No se puede estar a favor de la eutanasia y de la muerte digna a la vez porque son conceptos antagónicos. La confusión semántica es alentada interesadamente por parte de quienes consideran una conquista social facilitar la muerte a quien lo solicite.
Sin embargo la muerte digna no tiene nada que ver con lo que quieren los partidos de izquierdas y las derechas nacionalistas vascas y catalanas. La muerte digna es aquella que se produce con todos los alivios médicos adecuados y los consuelos humanos posibles. Denominada ortotanasia, no es una muerte bajo petición ni a demanda. Es en esto en lo que se tendría que trabajar en el Congreso de los Diputados. El proyecto de ley de cuidados paliativos es el que urge realmente.
También apelan al CIS para justificar la necesidad de la Ley de la Eutanasia, pero el argumento es blandito: si la mayoría de los españoles estuviera de acuerdo en expulsar a una minoría étnica, ¿la Cámara Baja tendría que ponerse a trabajar en el armazón legislativo para posibilitarlo? La demanda social real, me refiero a personas que están en situación límites y que han solicitado la muerte son, por fortuna, escasísimos. Incluso en casos como el de Inmaculada Echeverría, la laxa legislación española, permitió que se le retirara la respiración asistida al tratarse de “una retirada de consentimiento informado por un rechazo de tatamiento”. Éticamente aceptable.
Los expertos sí alertan de que la legalización de la eutanasia “conduciría a los médicos y familiares a deslizarse hacia su aplicación en casos de enfermos inconscientes o incapaces que no han expresado su autorización (teoría de la pendiente resbaladiza)”. Al respecto, el especialista Íñigo Ortega Larrea estudió el fenómeno en los pocos países que había dado luz verde a la eutanasia y concluyó que “el descenso por la pendiente es inevitable, aunque según las circunstancias propia de cada país se puede producir a distintas velocidades”. Y, lo más importante, añadió que “el efecto que produce este principio es bastante grave: la desprotección jurídica de los grupos más vulnerables de la sociedad, de los que carecen de medios para defenderse o están en situación precaria”.
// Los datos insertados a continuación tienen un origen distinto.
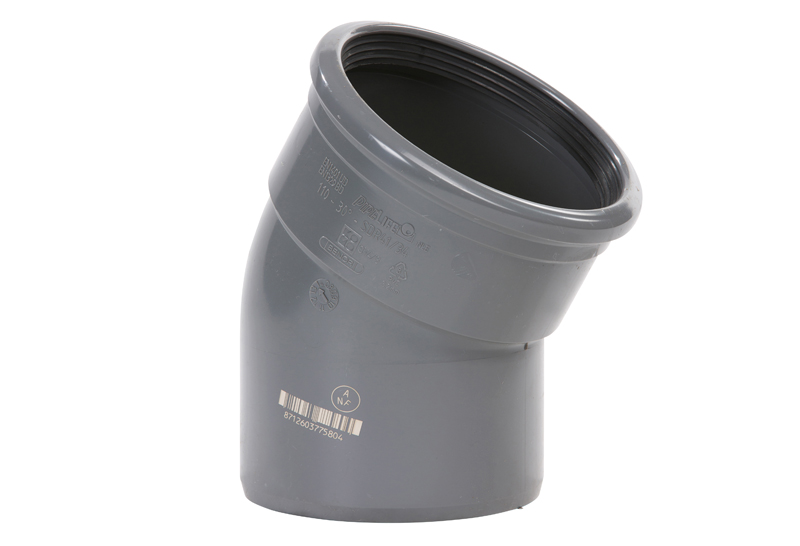 PVC bocht 30 graden manchet/spie 125mm
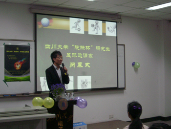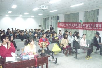 2011-2012“院际杯”研究生足球邀请赛颁奖晚会于2012年4月8日19:00在望江校区基础教学楼A座365英国上市集团多媒体会议室A303拉开帷幕。校研究生会体育部分管主席罗杰斯,校研究生会体育部部长团王冠、王雷、李爽莅临现场。365英国上市集团、工商管理公司、生命科学公司、临床医公司等4个主办公司研究生分会主席、体育部分管主席也亲临到场。同时参加本次颁奖晚会的还有获奖运动员、16支参赛公司的领队及球员代表,共计约70余人,会场座无虚席。
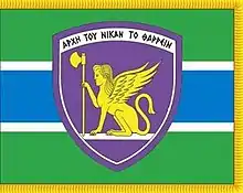 The brigade's emblem features a purple triangular shield upon which is depicted a golden sphinx wielding a poleaxe. A scroll underneath the sphinx bears the unit's abbreviated title. The whole is edged in white, with an inscription above with the unit's motto, Αρχή του νικάν το θαρρείν ("Courage is the foundation of victory"), a quote from Plutarch (Life of Themistocles, 8.2) referring to the Battle of Artemisium in 480 BC.[2]
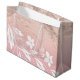 Gorgeous personalised paper shopping bag design with ombre faux copper rose gold glitter texture, beautiful white flowers, pastel pink background and elegant calligraphy font. Personalise the product with your name or any other text.
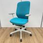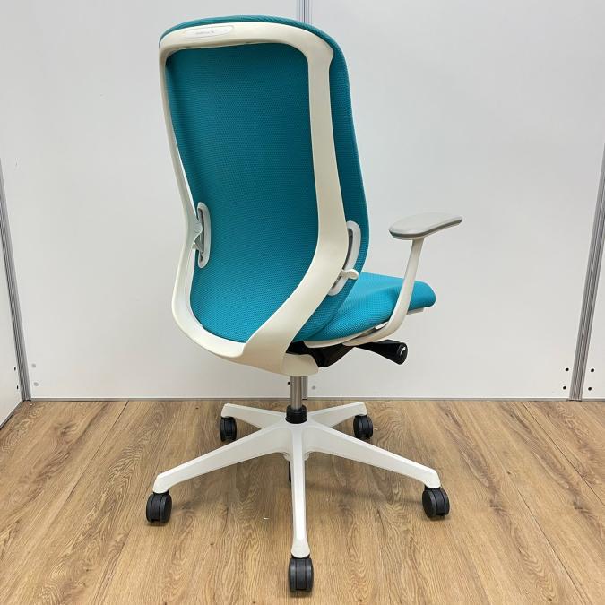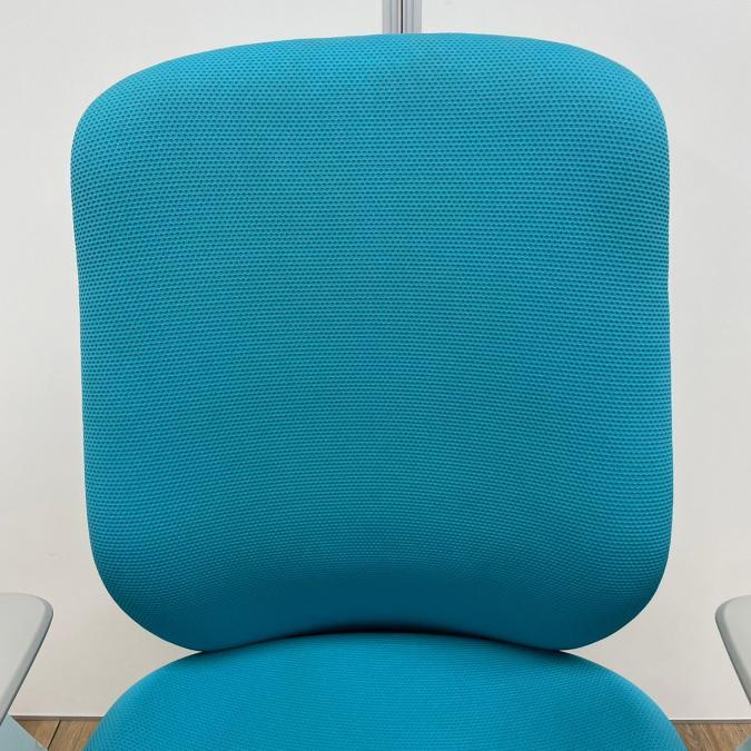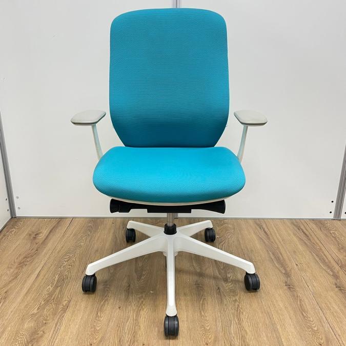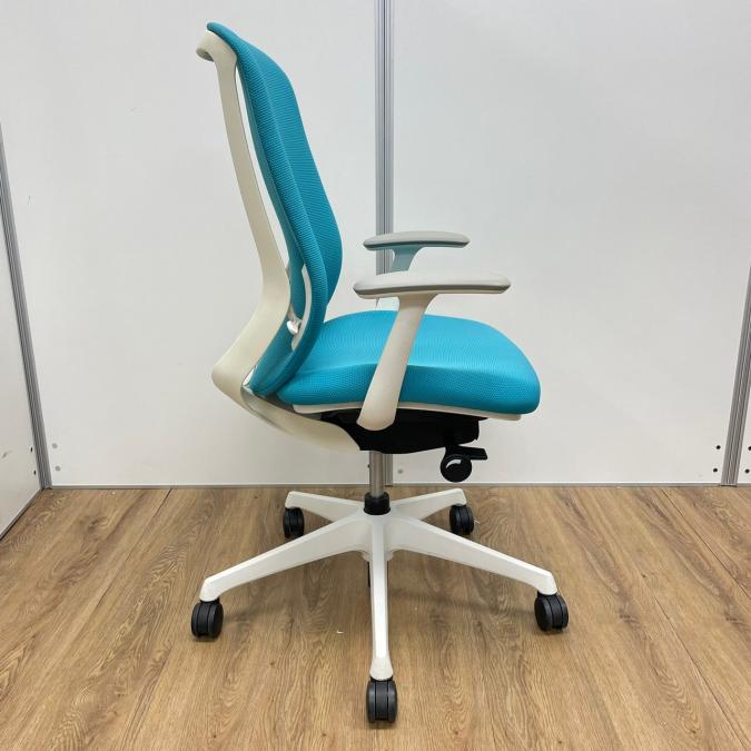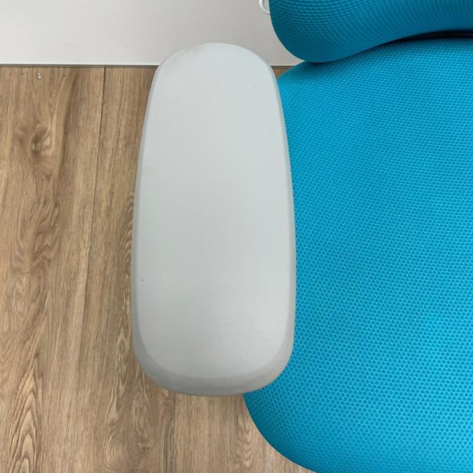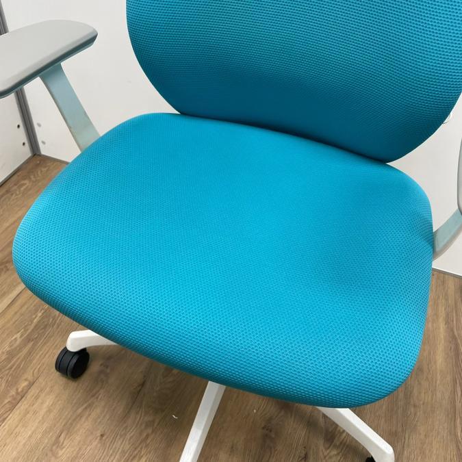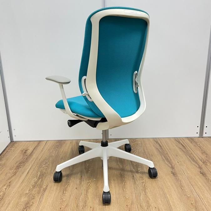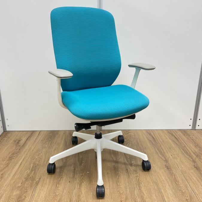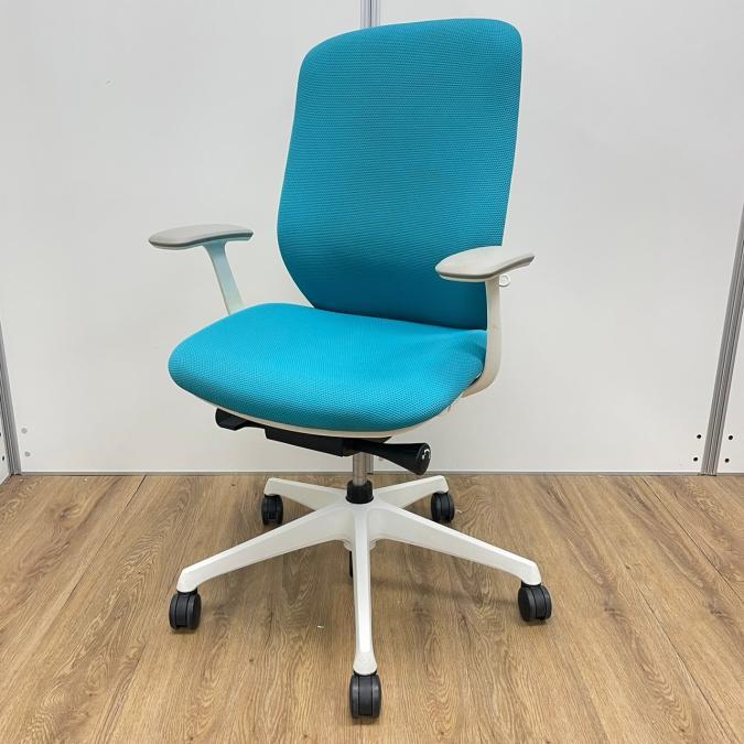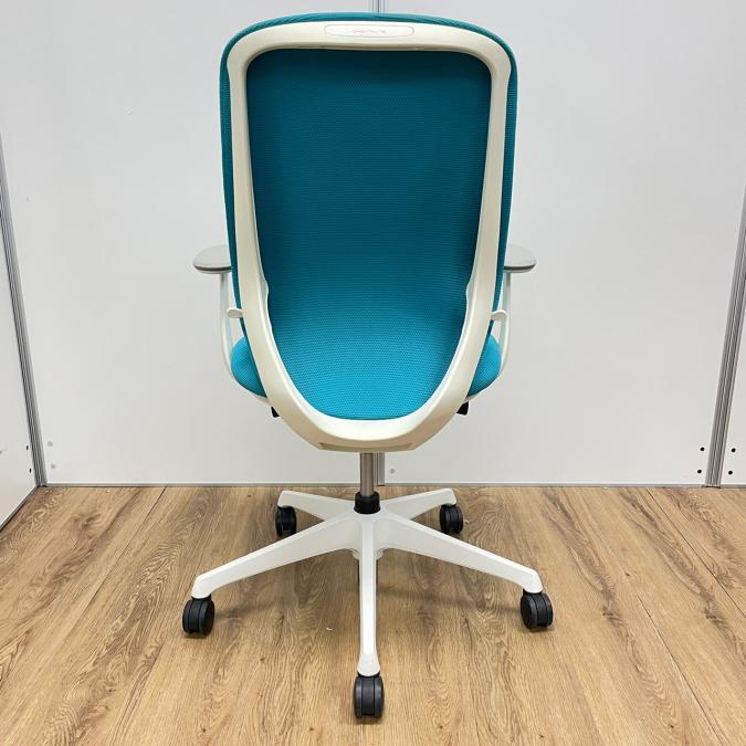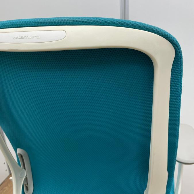 【クリーニング済み】オカムラ製 シルフィーシリーズ ブルーグリーンカラー 固定肘 肘付きハイバックチェア!!※背もたれフレーム日焼けあり- 京都東寺店
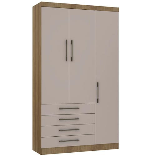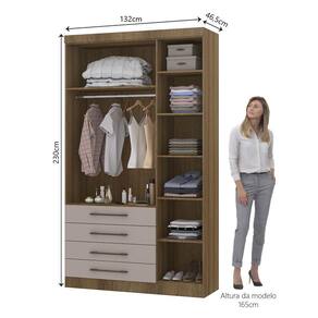 Guarda Roupa Modulado 132cm 3 Portas e 4 Gavetas Paris Luciane Móveis
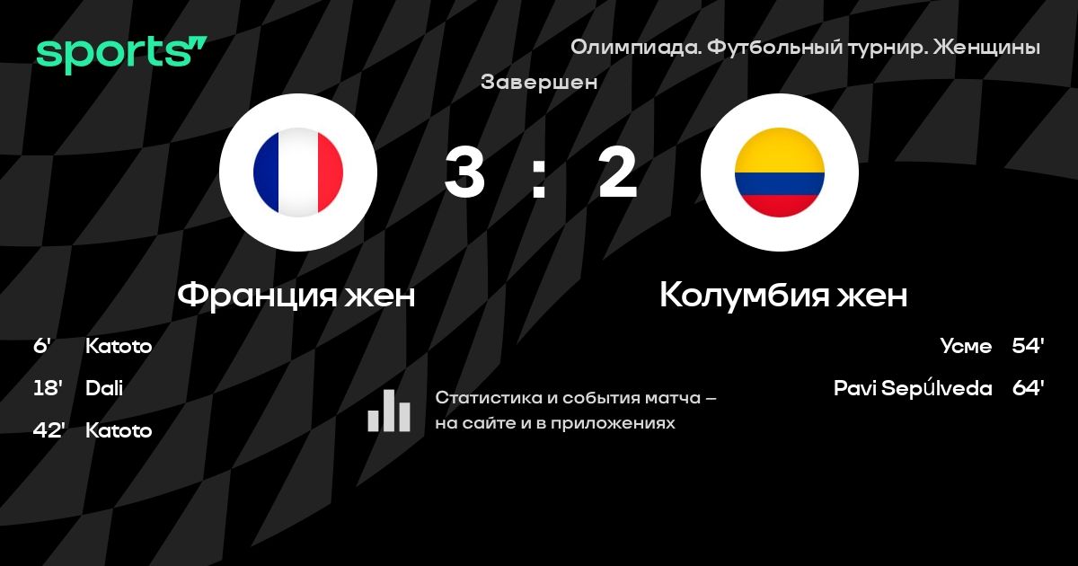 Колумбия жен не выигрывает в 6 последних матчах в турнире «Олимпиада. Футбольный турнир. Женщины»

No es asunto menor. Los informes de la Sociedad Española de Salud Pública y Administración Sanitaria (Sespa) apuntan a que, en plena crisis, un 4,5% de los encuestados aseguraba que había dejado de tomar algún medicamento recetado por un médico de la sanidad pública porque no se lo pudieron permitir; en el caso de los parados, el porcentaje era del 7,9%. Las mujeres de clase social baja tienden a utilizar menos los servicios ginecológicos o las mamografías y citologías preventivas. Esta es la clave. Efectivamente, arreglar las desigualdades, garantizar el acceso a tratamientos y medicamentos es caro. La eutanasia resulta barata. Lo verdaderamente progresista es mejorar el sistema sanitario y reivindicar la vida. No hace falta, por cierto, ser de comunión diaria para estar en contra de la eutanasia. Lo han hecho la Sociedad Española de Cuidados Paliativos y la Asociación Española de Bioética y Ética Médica. Y los comunistas portugueses en 2018 porque, dijeron, “es un retroceso de la civilización”.